We are all influenced by our history and experience and by the history and experience of those communicating with us. Much has been written on how bias creeps into our lives. The research community often focuses on obvious forms of bias that can influence results. These include selection bias, often exemplified by factors that might influence the nature of subjects volunteering for an experiment; reporting bias, described as selective revealing or suppression of information; and recall bias, reflecting incomplete accuracy or incompleteness of recollections.
The reality, though, is that implicit (unconscious) bias runs far deeper than the obvious. Selection bias also applies to the choice of questions being studied. Reporting and recall bias can be magnified by the questions asked, how they are asked, and by a variety of social pressures that can influence open communication on almost any topic.
Careful study design can address some forms of bias, such as survival/censoring bias, when the loss of subjects through the course of an experiment can result in a finishing group that is not representative of the starting group or the population. It can also address observer-expectancy bias, in which a researcher’s cognitive bias causes the researcher to subconsciously influence the participants in an experiment. Decisions on research funding to accept can reduce the issue of sponsorship bias, the tendency to support the interests of a study’s financial sponsor. The problem is that every time we pat ourselves on the back for our efforts, we can miss a host of more subtle, and sometimes not subtle, factors that can affect subjects, researchers, and the consumers of research findings.
Anchoring bias describes the tendency to depend too heavily on an initial piece of information when making decisions or interpreting findings. In-group bias describes the tendency to favor the interpretations, opinions, or analyses of members of one’s group over those of persons outside the group. Confirmation bias describes the tendency to give greater weight to findings that confirm our existing beliefs. Such elements can play a substantial role, particularly in research groups that work in some degree of isolation from other researchers.

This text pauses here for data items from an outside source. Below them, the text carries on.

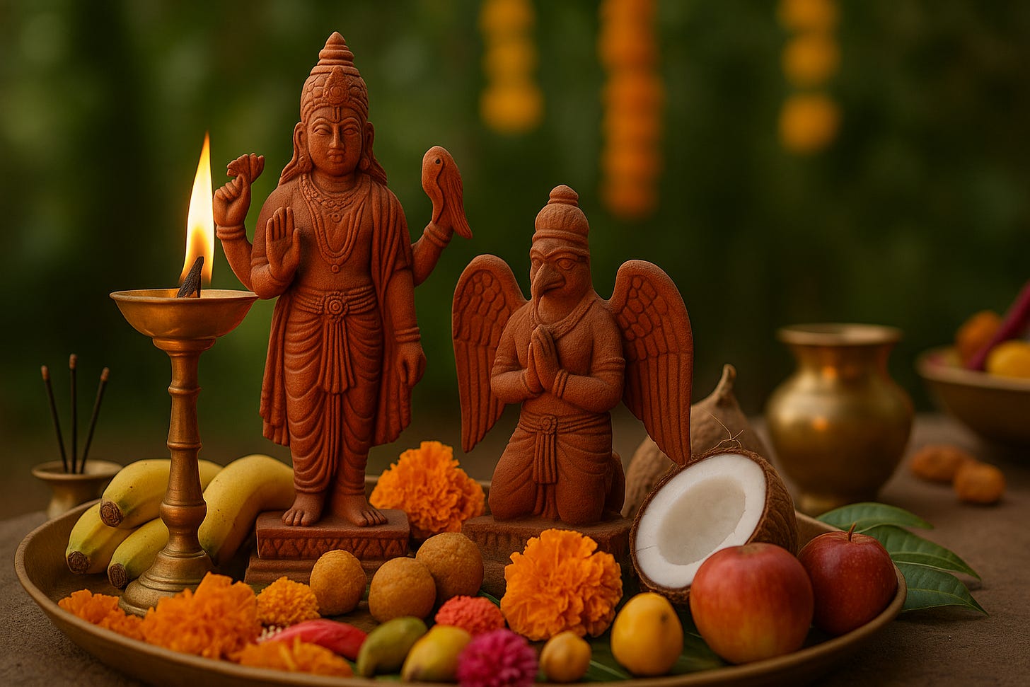 Place an image or idol of King Jimutavahana on the altar. Some traditions also include symbolic figures of Garuda or jackals.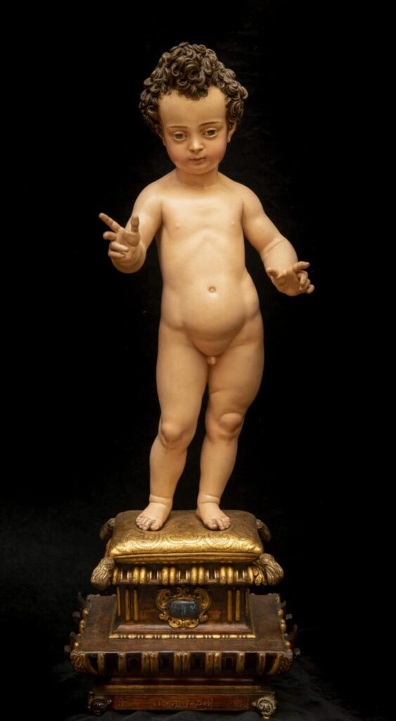 La mayoría de las obras que se pueden ver en la muestra son tallas en madera, pero también hay interesantes ejemplos de marfiles, terracotas, alguna vidriada e incluso bronces.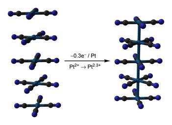 | Keywords: Anion-chains-from-cyanoplatinates-compared-3D-balls.png Ball-and-stick model of the change in anion geometry and bonding upon the oxidation of potassium tetracyanoplatinate II trihydrate by bromine K<sub>2</sub>Pt CN <sub>4</sub> 3H<sub>2</sub>O + Br<sub>2</sub> †’ K<sub>2</sub>Pt CN <sub>4</sub>Br<sub>0 3</sub>·3H<sub>2</sub>O Upon oxidation the Pt···Pt separation decreases from 3 48 Ã… to 2 89 Ã… and Pt-Pt bonds form from the overlap of 5d<sub>z</sub><sup>2</sup> orbitals creating a delocalised conducting band along the chain axes X-ray crystallographic data from http //dx doi org/10 1021/ic50155a017 Inorg Chem 1976 15 74 “78 and http //dx doi org/10 1016/0025-5408 75 90012-4 Mater Res Bull 1975 10 411-415 Model constructed in http //www crystalmaker com/ CrystalMaker 8 1 Image generated in http //accelrys com/products/discovery-studio/visualization/discovery-studio-visualizer html Accelrys DS Visualizer Own 2009-05-28 Ben Mills Benjah-bmm27 Images by Ben Mills Ball-and-stick models Cyanoplatinates |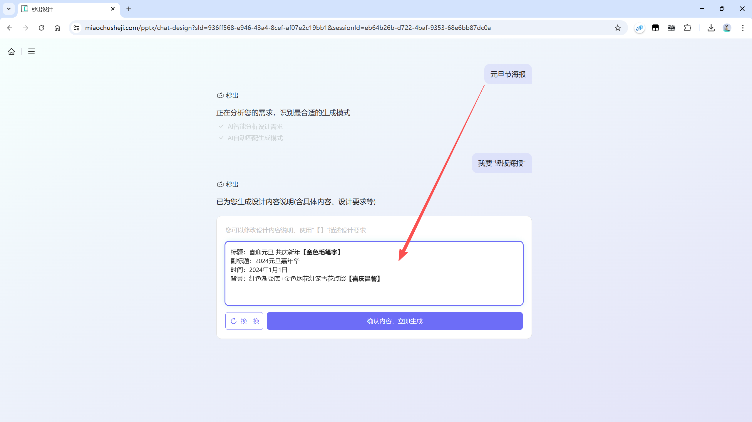 秒出设计支持用户一键生成海报。用户只需要输入一句话或者是要做的海报主题即可生成海报,但是这里秒出设计又有一个创新点。秒出设计会根据你输入的模糊的语句生成一个“说明书”,说明书里是对于当前海报的一个提示词,这个提示词是ai写的,你可以修改。

The inventory of biases continues with those that some might dismiss as products of nonscientific minds, but which can still exert influence. Self-serving bias describes the tendency to attribute successes to internal factors and failures to external factors. Attribution bias refers to systematic errors made when people evaluate or try to find reasons for their own and others’ behavior. Fundamental attribution bias describes the tendency to explain behavior based on internal factors and to underestimate the influence of external factors.
The cataloging of biases and descriptive labels could carry on, but the point is that we are awash in them. It is important to control them to the highest degree practicable, but it is also critical to understand that we are never free of them. It is the latter reality that should drive restraint in scientific writing, leaving open the possibility that we are wrong in what we think we are seeing. Practically, it is essential to recognize that no research effort is perfect, that no research finding is inviolate, and that we will rarely discover real truth in our lifetimes.
A good example of restraint in scientific writing is the free admission of the limitations of work. In some cases, a clear description of limitations can be the most valuable part of a report. Text on limitations can provide context for interpretations, directions for future research, and demonstrate objective thinking.
Many authors handle the limitations section poorly. It is often excluded, possibly through ignorance or ineptitude, but also possibly in fear that admitting to any shortcomings could lead to the work being rejected. In other cases, it is composed of only a partial list of shortcomings, sometimes surprisingly mild ones with major issues absent. Although this may again be the result of ignorance or ineptitude, it can also represent intentional deflection—sleight of hand intended to assuage the doubts of less critical readers, distracting them from bigger problems. Finally, the section can be made disingenuous by the inclusion of text discounting the importance of shortcomings as soon as they are mentioned. There is a fine line here. In some cases, providing context for limitations is important, but in others it can be a misguided attempt to wave away concerns.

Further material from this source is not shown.